━━━━━ MATERIAL TO PROCESS ━━━━━

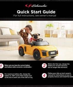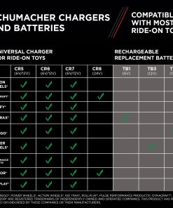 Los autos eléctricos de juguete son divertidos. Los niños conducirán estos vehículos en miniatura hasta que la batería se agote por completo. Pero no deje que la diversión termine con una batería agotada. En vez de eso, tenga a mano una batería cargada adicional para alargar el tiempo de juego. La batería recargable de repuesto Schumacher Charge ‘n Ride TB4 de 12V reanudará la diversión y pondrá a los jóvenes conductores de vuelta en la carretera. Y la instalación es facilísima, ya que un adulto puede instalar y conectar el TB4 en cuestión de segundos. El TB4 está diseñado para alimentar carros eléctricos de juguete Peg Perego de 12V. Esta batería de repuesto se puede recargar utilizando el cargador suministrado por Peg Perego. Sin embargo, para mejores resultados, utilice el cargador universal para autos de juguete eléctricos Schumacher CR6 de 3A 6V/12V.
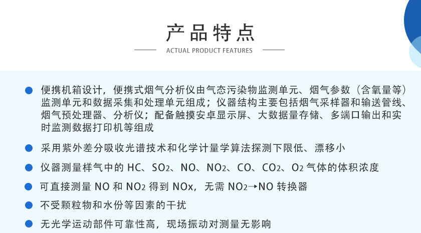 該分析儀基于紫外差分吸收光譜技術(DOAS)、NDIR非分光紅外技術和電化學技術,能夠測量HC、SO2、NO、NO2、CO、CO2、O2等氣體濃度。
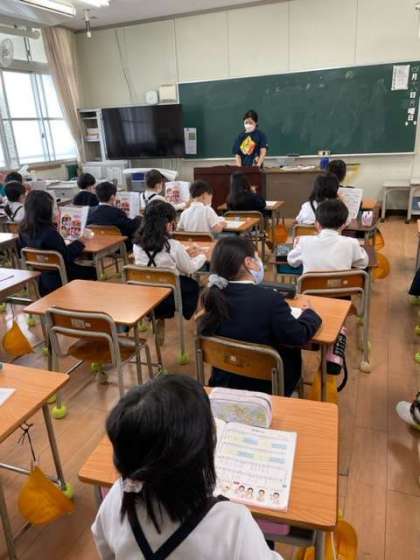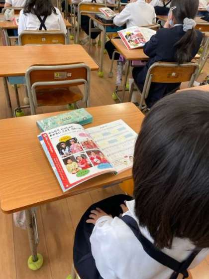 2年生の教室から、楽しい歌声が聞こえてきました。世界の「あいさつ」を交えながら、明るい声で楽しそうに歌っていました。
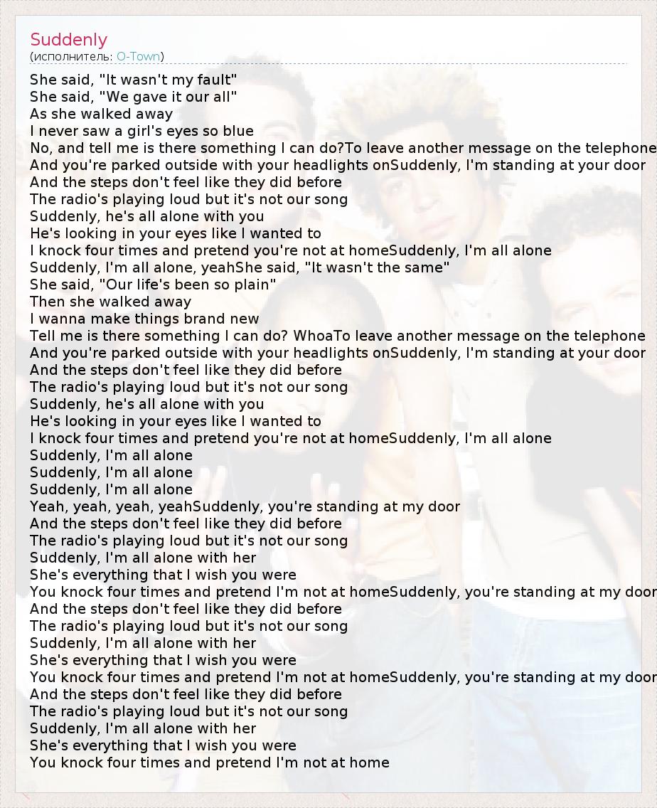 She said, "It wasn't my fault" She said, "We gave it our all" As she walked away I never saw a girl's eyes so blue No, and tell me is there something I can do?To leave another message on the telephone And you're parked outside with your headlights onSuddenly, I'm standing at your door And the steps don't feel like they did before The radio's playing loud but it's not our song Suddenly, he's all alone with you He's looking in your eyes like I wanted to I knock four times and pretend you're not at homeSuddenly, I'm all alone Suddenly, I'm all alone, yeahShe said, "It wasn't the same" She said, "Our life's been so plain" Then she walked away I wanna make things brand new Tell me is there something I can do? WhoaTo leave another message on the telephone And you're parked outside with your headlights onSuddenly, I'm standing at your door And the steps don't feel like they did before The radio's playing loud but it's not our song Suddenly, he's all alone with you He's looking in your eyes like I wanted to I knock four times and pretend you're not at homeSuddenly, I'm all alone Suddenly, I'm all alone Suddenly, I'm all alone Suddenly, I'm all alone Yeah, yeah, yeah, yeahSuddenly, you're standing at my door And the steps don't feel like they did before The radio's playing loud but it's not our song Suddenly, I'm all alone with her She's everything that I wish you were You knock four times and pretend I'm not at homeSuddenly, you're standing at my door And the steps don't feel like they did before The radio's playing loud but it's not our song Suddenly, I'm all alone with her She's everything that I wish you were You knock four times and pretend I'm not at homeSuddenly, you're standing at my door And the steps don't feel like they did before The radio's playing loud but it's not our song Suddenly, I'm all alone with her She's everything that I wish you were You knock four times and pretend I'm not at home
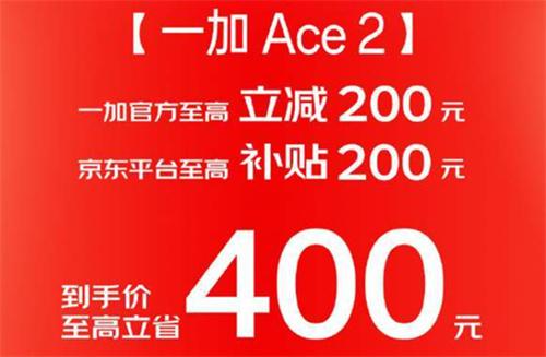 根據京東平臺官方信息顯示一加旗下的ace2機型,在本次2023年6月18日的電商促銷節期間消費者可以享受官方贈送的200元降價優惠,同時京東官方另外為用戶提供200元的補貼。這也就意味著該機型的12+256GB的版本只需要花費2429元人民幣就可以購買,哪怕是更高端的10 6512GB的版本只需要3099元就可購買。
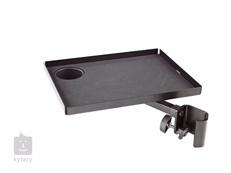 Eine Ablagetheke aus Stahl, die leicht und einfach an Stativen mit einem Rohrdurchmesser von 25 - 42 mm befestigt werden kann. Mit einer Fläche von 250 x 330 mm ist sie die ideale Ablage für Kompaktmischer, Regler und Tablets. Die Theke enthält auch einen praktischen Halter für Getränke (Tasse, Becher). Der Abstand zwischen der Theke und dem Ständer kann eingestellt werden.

━━━━━

The answer must be an exact copy of the records above, with the pictures left out.

_EXERCISE RESULT_
 Los autos eléctricos de juguete son divertidos. Los niños conducirán estos vehículos en miniatura hasta que la batería se agote por completo. Pero no deje que la diversión termine con una batería agotada. En vez de eso, tenga a mano una batería cargada adicional para alargar el tiempo de juego. La batería recargable de repuesto Schumacher Charge ‘n Ride TB4 de 12V reanudará la diversión y pondrá a los jóvenes conductores de vuelta en la carretera. Y la instalación es facilísima, ya que un adulto puede instalar y conectar el TB4 en cuestión de segundos. El TB4 está diseñado para alimentar carros eléctricos de juguete Peg Perego de 12V. Esta batería de repuesto se puede recargar utilizando el cargador suministrado por Peg Perego. Sin embargo, para mejores resultados, utilice el cargador universal para autos de juguete eléctricos Schumacher CR6 de 3A 6V/12V.
 該分析儀基于紫外差分吸收光譜技術(DOAS)、NDIR非分光紅外技術和電化學技術,能夠測量HC、SO2、NO、NO2、CO、CO2、O2等氣體濃度。
 2年生の教室から、楽しい歌声が聞こえてきました。世界の「あいさつ」を交えながら、明るい声で楽しそうに歌っていました。
 She said, "It wasn't my fault" She said, "We gave it our all" As she walked away I never saw a girl's eyes so blue No, and tell me is there something I can do?To leave another message on the telephone And you're parked outside with your headlights onSuddenly, I'm standing at your door And the steps don't feel like they did before The radio's playing loud but it's not our song Suddenly, he's all alone with you He's looking in your eyes like I wanted to I knock four times and pretend you're not at homeSuddenly, I'm all alone Suddenly, I'm all alone, yeahShe said, "It wasn't the same" She said, "Our life's been so plain" Then she walked away I wanna make things brand new Tell me is there something I can do? WhoaTo leave another message on the telephone And you're parked outside with your headlights onSuddenly, I'm standing at your door And the steps don't feel like they did before The radio's playing loud but it's not our song Suddenly, he's all alone with you He's looking in your eyes like I wanted to I knock four times and pretend you're not at homeSuddenly, I'm all alone Suddenly, I'm all alone Suddenly, I'm all alone Suddenly, I'm all alone Yeah, yeah, yeah, yeahSuddenly, you're standing at my door And the steps don't feel like they did before The radio's playing loud but it's not our song Suddenly, I'm all alone with her She's everything that I wish you were You knock four times and pretend I'm not at homeSuddenly, you're standing at my door And the steps don't feel like they did before The radio's playing loud but it's not our song Suddenly, I'm all alone with her She's everything that I wish you were You knock four times and pretend I'm not at homeSuddenly, you're standing at my door And the steps don't feel like they did before The radio's playing loud but it's not our song Suddenly, I'm all alone with her She's everything that I wish you were You knock four times and pretend I'm not at home
 根據京東平臺官方信息顯示一加旗下的ace2機型,在本次2023年6月18日的電商促銷節期間消費者可以享受官方贈送的200元降價優惠,同時京東官方另外為用戶提供200元的補貼。這也就意味著該機型的12+256GB的版本只需要花費2429元人民幣就可以購買,哪怕是更高端的10 6512GB的版本只需要3099元就可購買。
 Eine Ablagetheke aus Stahl, die leicht und einfach an Stativen mit einem Rohrdurchmesser von 25 - 42 mm befestigt werden kann. Mit einer Fläche von 250 x 330 mm ist sie die ideale Ablage für Kompaktmischer, Regler und Tablets. Die Theke enthält auch einen praktischen Halter für Getränke (Tasse, Becher). Der Abstand zwischen der Theke und dem Ständer kann eingestellt werden.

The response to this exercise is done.